EXERCISE BRIEF
What are the lines, word for word, from the line with "مُحَمَّد بن عبد" up to and including the line with "我死活找不到哪里能看到自己的积分。请各位解答一下。谢谢!" in the records below? Omit the pictures.

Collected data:
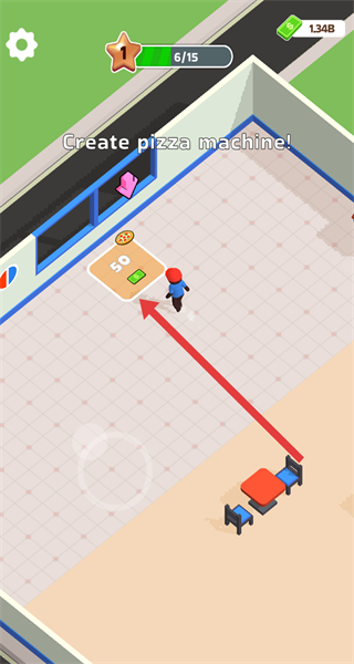 2、移動角色到指定位置,消耗對應鈔票創(chuàng)建披薩機器,解鎖披薩制作功能。
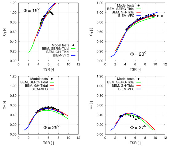 UoS-VP turbine performance predictions by BIEM-VFC compared to results of BEM models from [25]: thrust coefficient . Pitch settings to 27°.
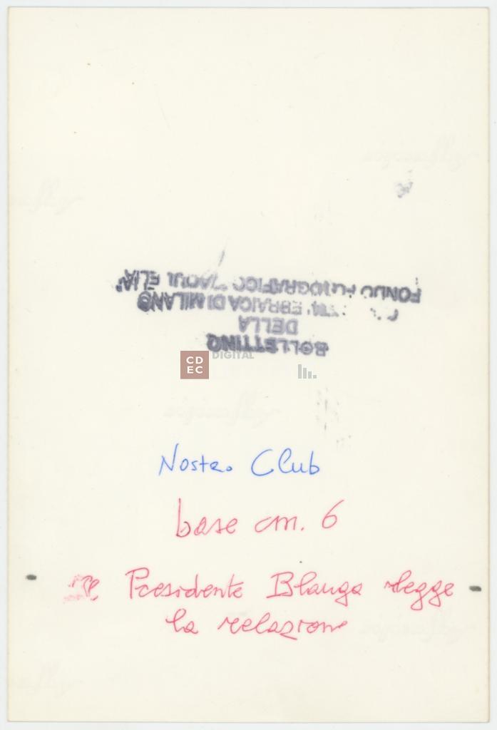 iscrizioni | sul verso del supporto l'iscrizione manoscritta "Nostro Club/ il Presidente Blanga legge la relazione" e indicazioni tipografiche |
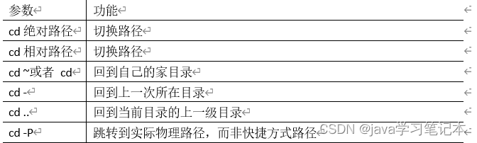 切换目录 cd:Change Directory 切换路径 基本语法: cd [参数] 参数说明
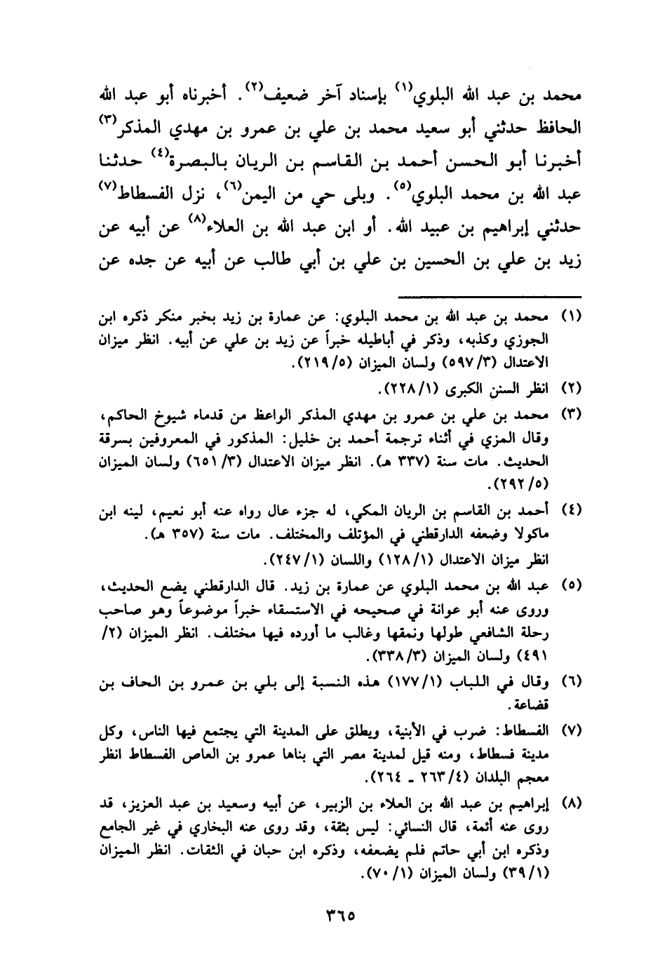 مُحَمَّد بن عبد الله البلوي بِإِسْنَاد آخر ضَعِيف. أخبرناه أَبُو عبد الله الْحَافِظ حَدثنِي أَبُو سعيد مُحَمَّد بن عَليّ بن عَمْرو بن مهْدي الْمُذكر أخبرنَا أَبُو الْحسن أَحْمد بن الْقَاسِم بن الريان بِالْبَصْرَةِ حَدثنَا عبد الله بن مُحَمَّد البلوي. وبلى حَيّ من الْيمن، نزل الْفسْطَاط حَدثنِي إِبْرَاهِيم بن عبيد الله. أَو ابْن عبد الله بن الْعَلَاء عَن أَبِيه عَن زيد بن عَليّ بن الْحُسَيْن بن عَليّ بن أبي طَالب عَن أَبِيه عَن جده عَن
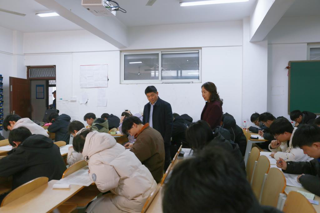本站讯 1月2日,我校期末考试全面展开。校党委书记谭贞、校长王德如、副校长李治深入到各考场进行巡视,相关职能部门负责人和工作人员陪同。
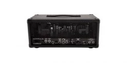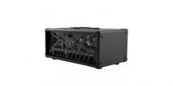 Seductively dark in black textured vinyl with a dual black EVH striped steel grille front panel, this 50-watt stealth head also comes with vintage-style “chicken head” black control knobs, red lamp jewel, dual speaker output jacks, four-button footswitch, effects loop, direct out and moulded plastic handle.
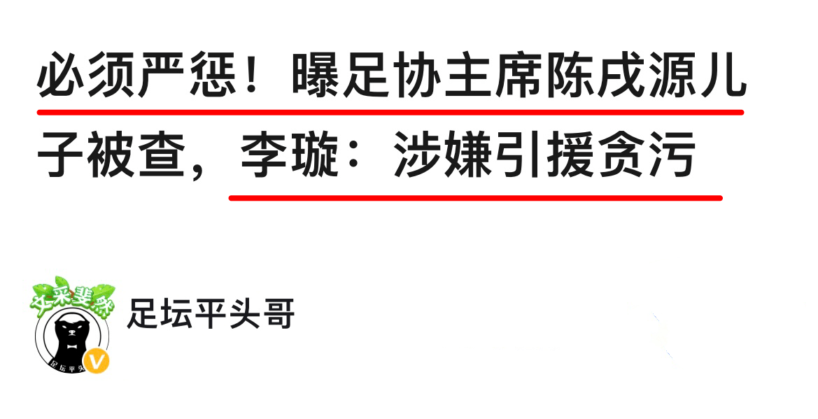 特别是当初他在上港集团担任董事长期间,他是如何华丽转身进入足协并且担任足协主席的?如今,随着足协书法家王小平的落网,更多关于陈戌源和足协内部的秘密被挖了出来。根据媒体人“足坛平头哥”的报道,陈戌源的亲生儿子也即将得到严惩,因为记者李璇指出陈戌源的公子{下称小陈}有着引援贪腐的罪名,这会让他身败名裂。
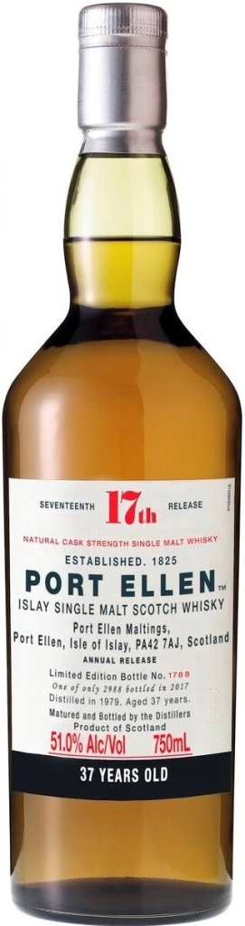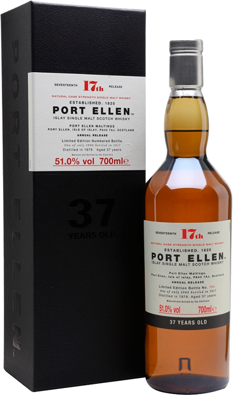 Port Ellen, 37 Years Old, 17th Release — элегантный, сложный и, на сегодняшний день, самый старый виски из серии, был дистиллирован в 1979 г, а бутилирован в 2017 г. Виски созревал 37 лет в бочках из американского белого дуба. Каждая бутылка Порт Эллен 37 лет уникальна и обладает порядковым номером. В свет было выпущено всего 2988 бутылок этого виски. Из-за того, что с каждым выпуском Порт Эллен остается все меньше бочек, то каждый релиз может стать последним, что добавляет виски еще больше ценности.
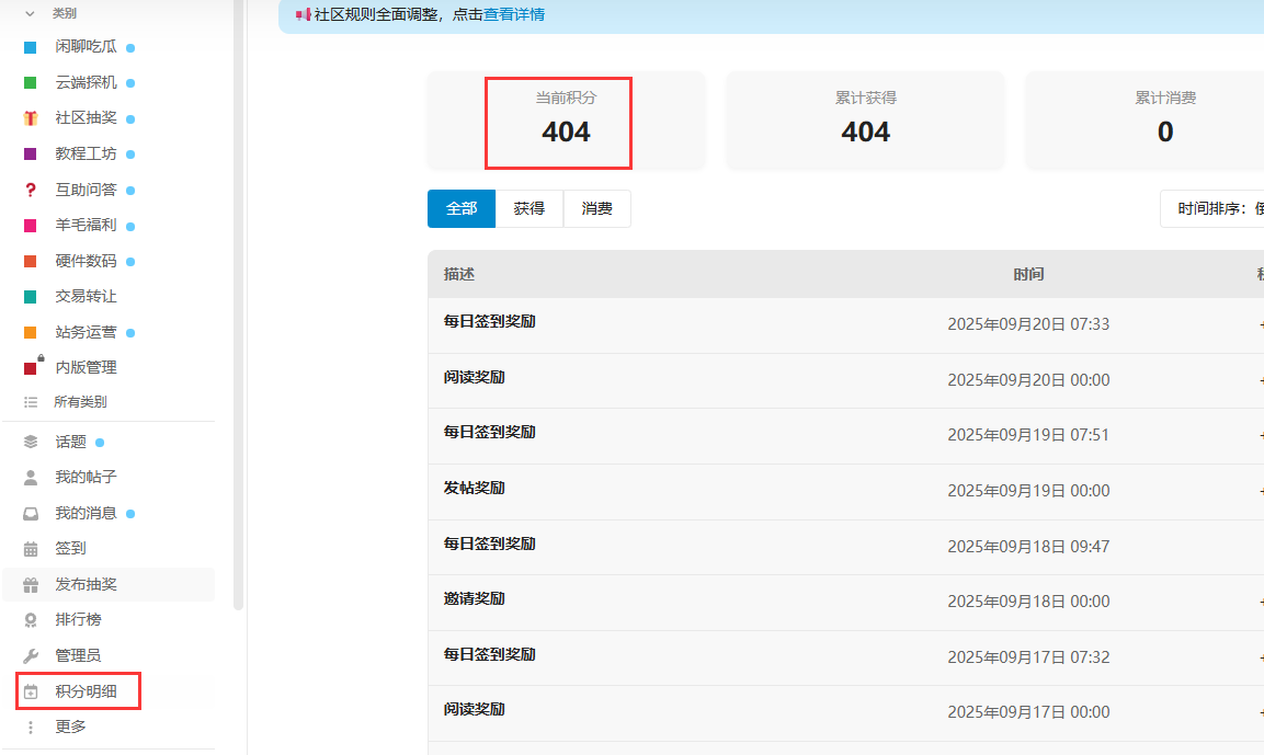 我死活找不到哪里能看到自己的积分。请各位解答一下。谢谢!
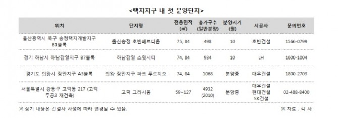 최근 분양시장에서도 택지지구 첫 분양단지들은 높은 청약성적을 거두며 인기몰이를 하고 있다. 지난 5월 하남 현안1지구에 첫 분양한 대우건설 ‘하남 힐즈파크 푸르지오’는 1순위 청약에서 평균 13.1대 1의 경쟁률을 기록, 계약 4일만에 계약을 완료했으며 지난 6월 경기도 고양시 향동지구에서 처음 분양된 ‘고양 향동 리슈빌’ 역시 1순위 청약에서 평균 8대 1의 경쟁률을 기록하며 8일만에 완판됐다.
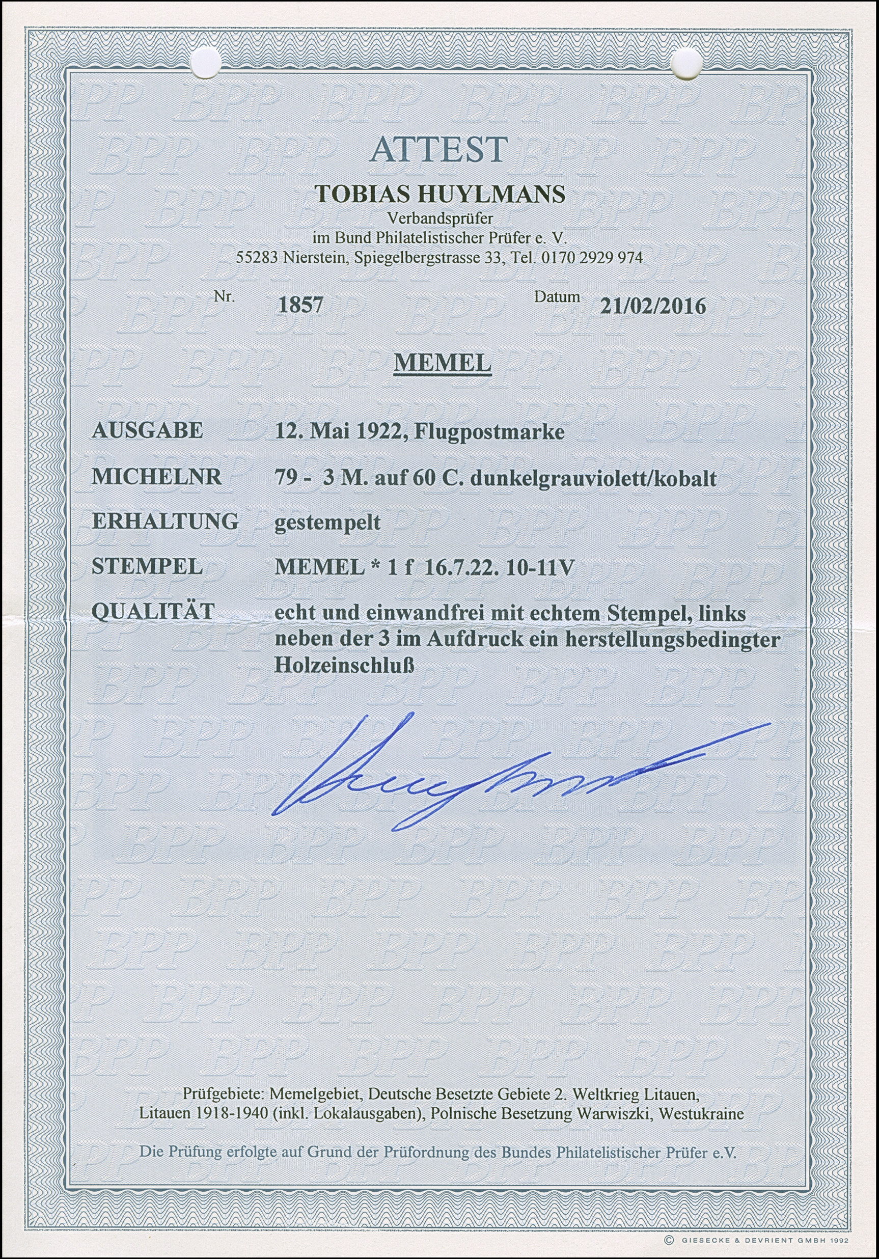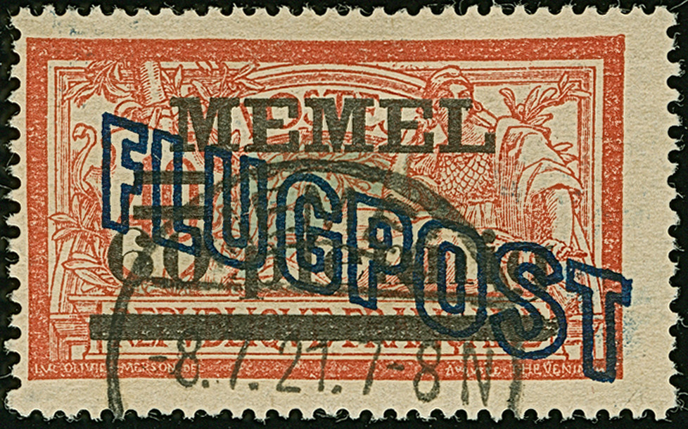 1922, Flugpost 3 Mark auf 60 Centime, farbfrisch und gut gezähnt, sauber und zentrisch gestempelt “MEMEL * 1 f 16.7.22”, kleiner Holzeinschluss, tadellos, Fotoattest Huylmans BPP (2016)

TASK RESULT
 مُحَمَّد بن عبد الله البلوي بِإِسْنَاد آخر ضَعِيف. أخبرناه أَبُو عبد الله الْحَافِظ حَدثنِي أَبُو سعيد مُحَمَّد بن عَليّ بن عَمْرو بن مهْدي الْمُذكر أخبرنَا أَبُو الْحسن أَحْمد بن الْقَاسِم بن الريان بِالْبَصْرَةِ حَدثنَا عبد الله بن مُحَمَّد البلوي. وبلى حَيّ من الْيمن، نزل الْفسْطَاط حَدثنِي إِبْرَاهِيم بن عبيد الله. أَو ابْن عبد الله بن الْعَلَاء عَن أَبِيه عَن زيد بن عَليّ بن الْحُسَيْن بن عَليّ بن أبي طَالب عَن أَبِيه عَن جده عَن
本站讯 1月2日,我校期末考试全面展开。校党委书记谭贞、校长王德如、副校长李治深入到各考场进行巡视,相关职能部门负责人和工作人员陪同。
 Seductively dark in black textured vinyl with a dual black EVH striped steel grille front panel, this 50-watt stealth head also comes with vintage-style “chicken head” black control knobs, red lamp jewel, dual speaker output jacks, four-button footswitch, effects loop, direct out and moulded plastic handle.
 特别是当初他在上港集团担任董事长期间,他是如何华丽转身进入足协并且担任足协主席的?如今,随着足协书法家王小平的落网,更多关于陈戌源和足协内部的秘密被挖了出来。根据媒体人“足坛平头哥”的报道,陈戌源的亲生儿子也即将得到严惩,因为记者李璇指出陈戌源的公子{下称小陈}有着引援贪腐的罪名,这会让他身败名裂。
 Port Ellen, 37 Years Old, 17th Release — элегантный, сложный и, на сегодняшний день, самый старый виски из серии, был дистиллирован в 1979 г, а бутилирован в 2017 г. Виски созревал 37 лет в бочках из американского белого дуба. Каждая бутылка Порт Эллен 37 лет уникальна и обладает порядковым номером. В свет было выпущено всего 2988 бутылок этого виски. Из-за того, что с каждым выпуском Порт Эллен остается все меньше бочек, то каждый релиз может стать последним, что добавляет виски еще больше ценности.
 我死活找不到哪里能看到自己的积分。请各位解答一下。谢谢!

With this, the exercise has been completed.